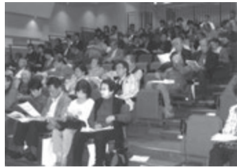
会場はオーナーでぎっしり

「ハートピア京都」を会場に開催。階段状のホールは見易いことでオーナーさんにも好評でした。一般的な話より経営に直接結びついたことが知りたかったという昨今のオーナーさん。
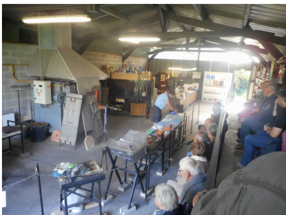
Le public est bien installé, la démonstration peut commencer

L'appel de notre estomac nous a dirigés vers la « Gwentry » à BLANGY.
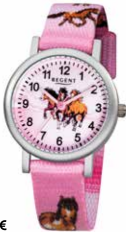
F-729 44,90 €

################

Aim of the task —
Exactly retype each record above, dropping images.

Written reply —
会場はオーナーでぎっしり

「ハートピア京都」を会場に開催。階段状のホールは見易いことでオーナーさんにも好評でした。一般的な話より経営に直接結びついたことが知りたかったという昨今のオーナーさん。
Le public est bien installé, la démonstration peut commencer

L'appel de notre estomac nous a dirigés vers la « Gwentry » à BLANGY.
F-729 44,90 €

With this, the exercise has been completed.